Entrepreneurs and Venture Capital

by francine Hardaway on December 10, 2007

I promised Michael Markman I’d write about this Kevin Burton post. Which is actually a response to a Michael Arrington post about this generation of entrepreneurs.

Arrington says any entrepreneur who has been through the dotcom bust is risk-averse, and that’s why they don’t take venture capital.  Burton, who founded Tailrank and bootstrapped it, says he didn’t need it and that VC is the last money an entrepreneur ought to take.

I spent the last few days at AlwaysOn’s Venture Summit West, and I actually have a few coherent thoughts on this subject. Here they come:

Many companies, especially software companies, don’t need venture capital and shouldn’t take it, because it’s dilutive and distracting.

But it has nothing to do with risk aversion.  It has to do with need.  Why do you think the VC industry started with semiconductors?  Why do you think it has gone toward biotech? And greentech?
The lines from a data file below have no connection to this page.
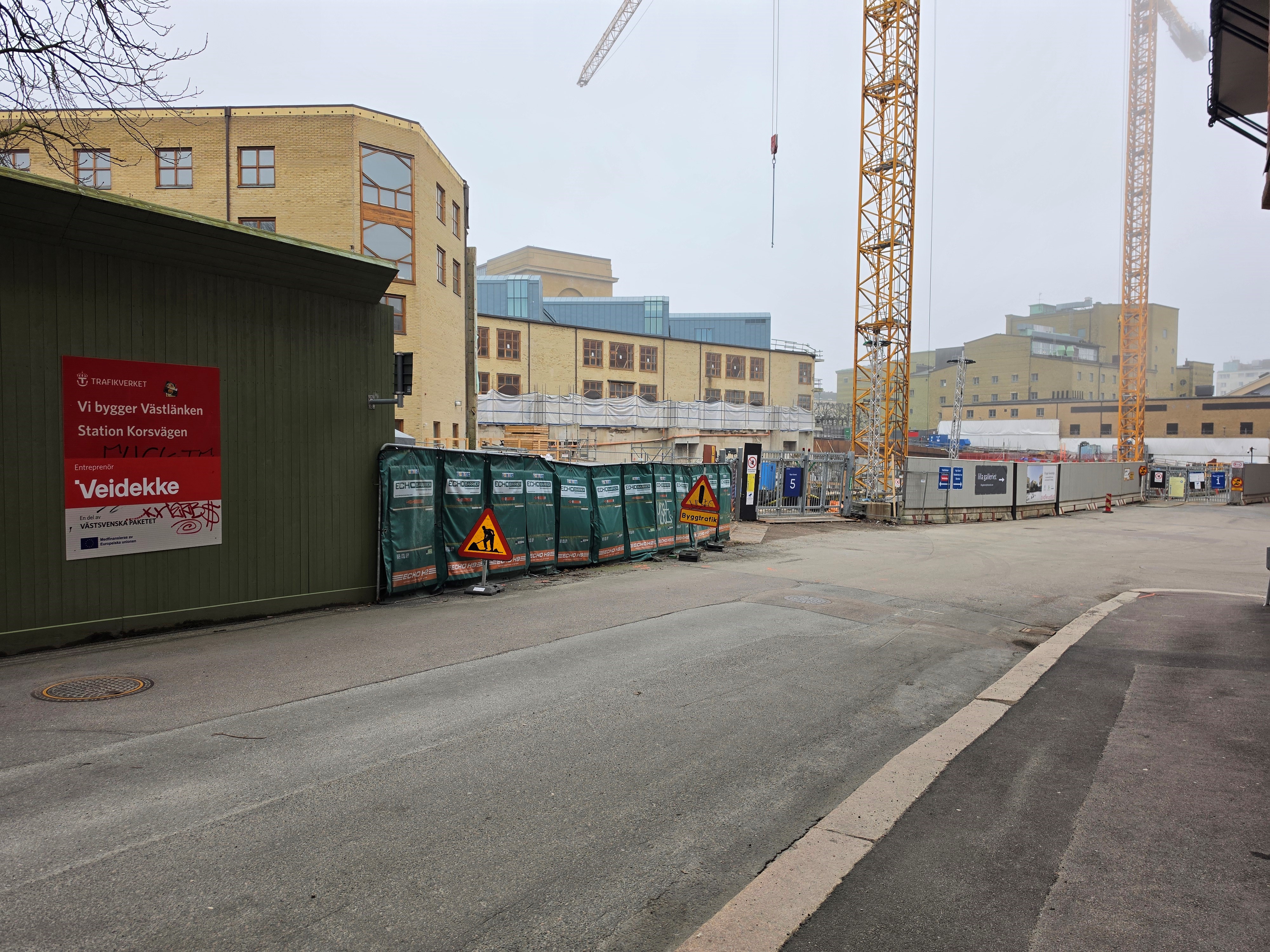 Station Korsvägen kommer att få tre entréer, och just nu fokuserar vi på arbetet på den västra entrén i Johanneberg. Den begränsade ytan vid entrén ställer höga krav på logistiken med många omlokaliseringar av bygghissar och trapptorn för att säkerställa säkra utrymningsvägar.
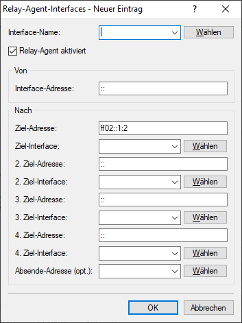 - Das Ziel-Interface, über das der übergeordnete DHCPv6-Server oder der nächste Relay-Agent zu erreichen ist. Die Angabe ist zwingend erforderlich, wenn unter der Ziel-Adresse eine linklokale Multicast-Adresse konfiguriert wird, da linklokale Multicast-Adressen immer nur auf dem jeweiligen Link gültig sind.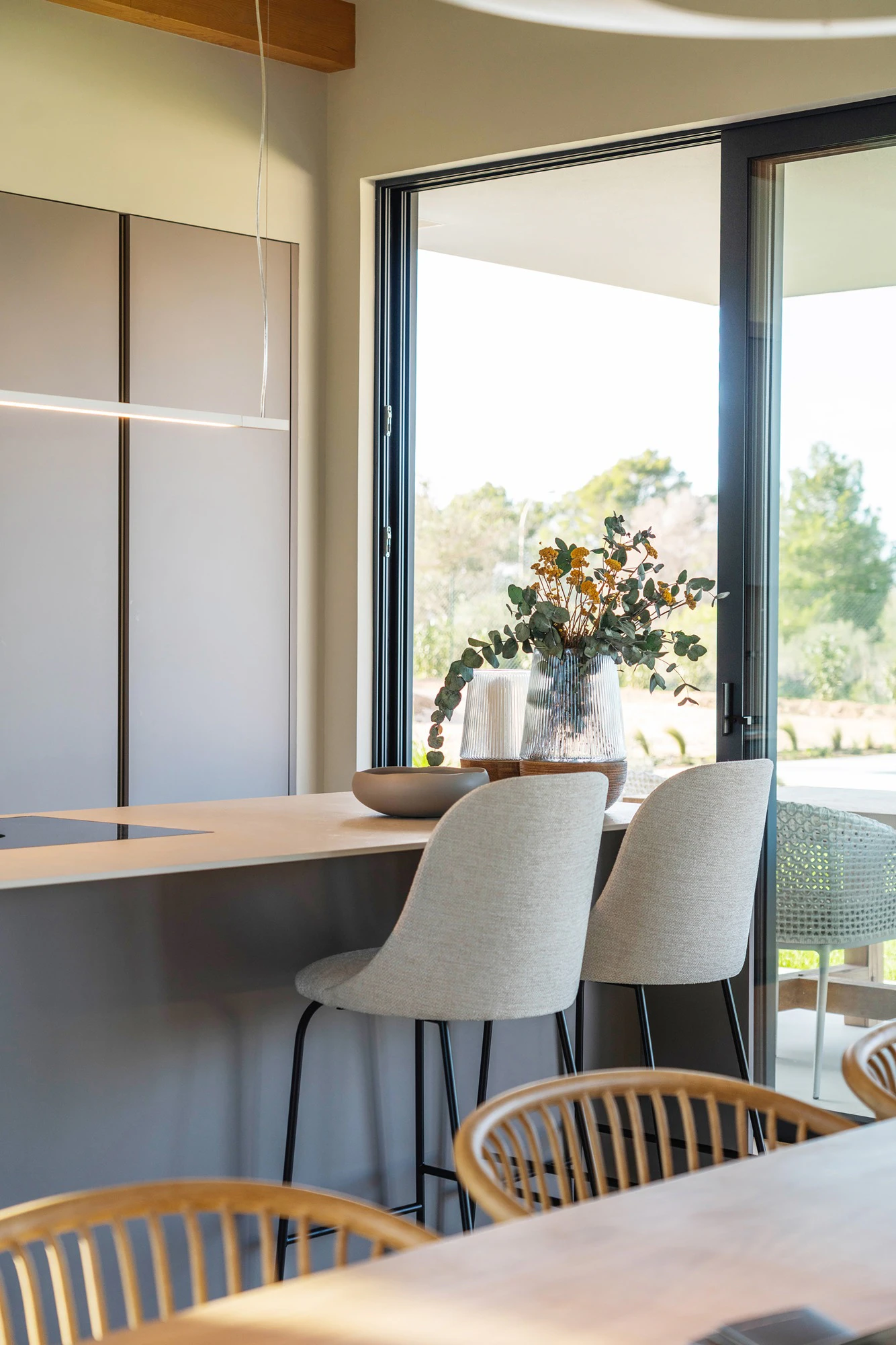 One of the architectural challenges was maintaining the local Mediterranean aesthetic despite the strong focus on eco-friendly and low-maintenance materials. The use of a tone like Dekton Nacre, combined with the wooden structure, allowed for that warm and luminous touch so characteristic of Mallorca.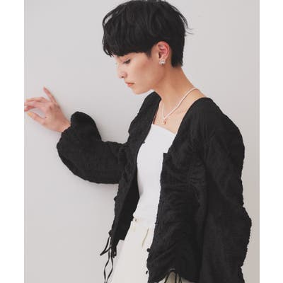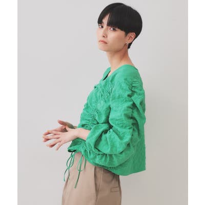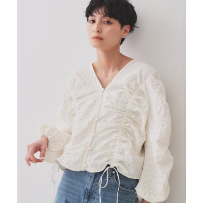 ふくれジャカードシャーリングデザインブラウス【洗濯機洗い可】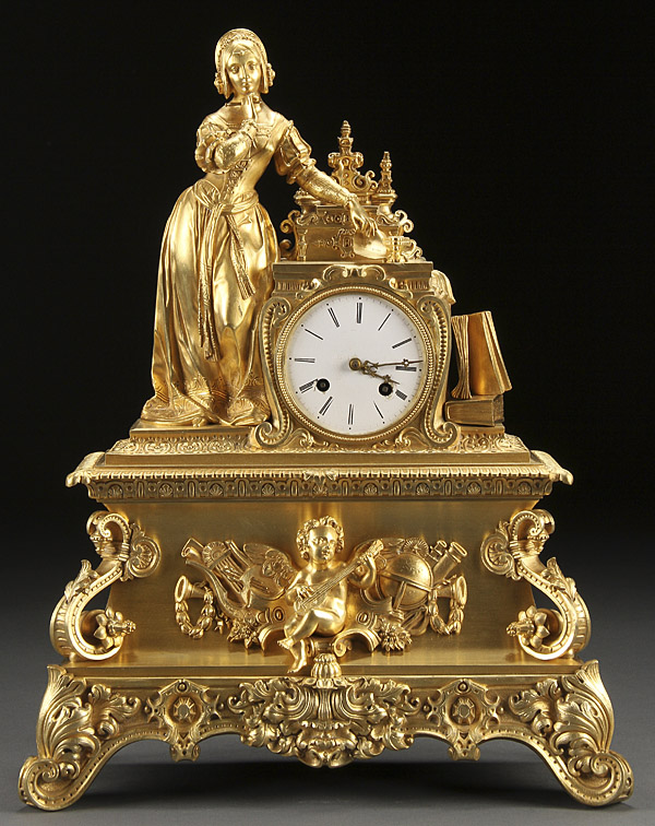 A FRENCH GILT BRONZE FIGURAL CLOCK OF THE ARTS AND SCIENCES, 19TH CENTURY. Depicting the figure of a woman at writing table mounted with a clock dial above a scrolled footed base with cherub flanked by symbolic music, arts, and science attributes. Height 18 inches (46 cm).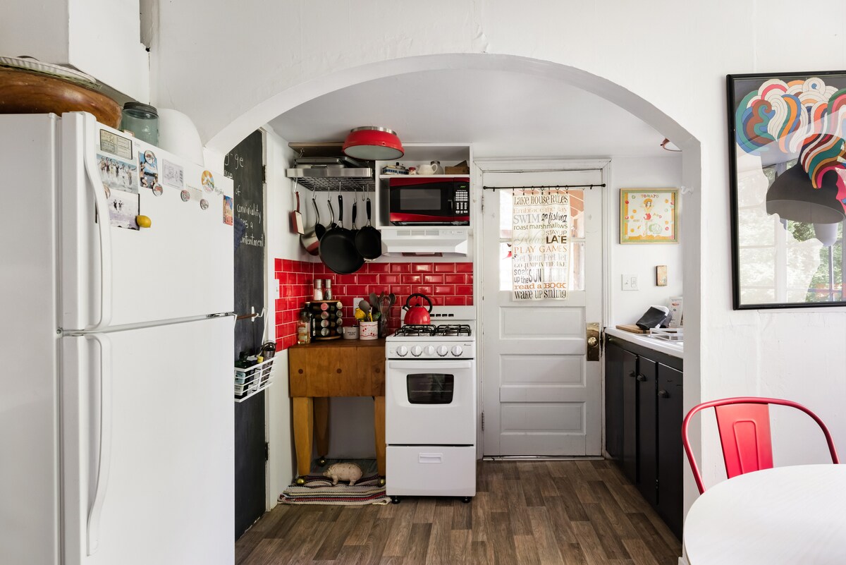 Relájate en una hamaca arcoíris en un porche cubierto y ventilado. Hay una sensación de casa de campo atemporal entre los suelos de madera, las vigas encaladas y las mantas caseras. Libros y música en abundancia, incluyendo una colección de discos y un póster vintage de Dylan. ADEMÁS: consulta el Protocolo de coronavirus de la cabaña para la tranquilidad de los huéspedes. Y: WIFI de 300 mbps.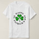 A T-Shirt with a green shamrock clover design and a black "HAPPY ST. PATRICK'S DAY" text around it.
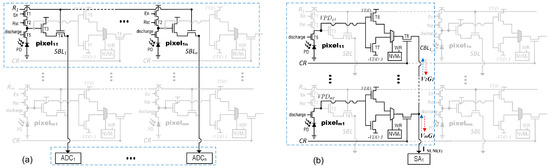 In the sensing mode, initially setting = ‘high’, the PD connected to the T2 transistor turns into inverse polarization. In this way, turning on the access transistor T4 and switch at the shared ADC (Figure 1c) allows the capacitor to charge through fully. By turning off T2, PD generates a photo-current concerning the external light intensity, which in turn leads to a voltage drop () at the gate of T3. Once again, by turning on T4 and this time switch, is selected to record the voltage drop. Therefore, the voltage values before and after the image light exposure, i.e., and in Figure 1c, are sampled. The difference between two voltages is sensed with an amplifier, while this value is proportional to the voltage drop on . In other words, the voltage at the cathode of PD can be read at the pixel output. Throughout the sensing mode, the signal is grounded. Reading the pixels’ values in the sensing mode is performed in a row-by-row manner; therefore, reading all pixels requires r clock cycles, where r is the number of rows. Figure 2a depicts the sensing mode, where the first row and n columns are selected and connected to the dedicated ADCs.

Not because entrepreneurs in those areas want to change the world by building huge companies and software/Web2.0 entrepreneurs don’t.

It’s because those industries are capital-intensive, either because of clinical
trials or because of manufacturing issues in order to scale.

Seems simple to me: capital-intensive businesses should take capital, and non-capital-intensive industries shouldn’t take it just to take it.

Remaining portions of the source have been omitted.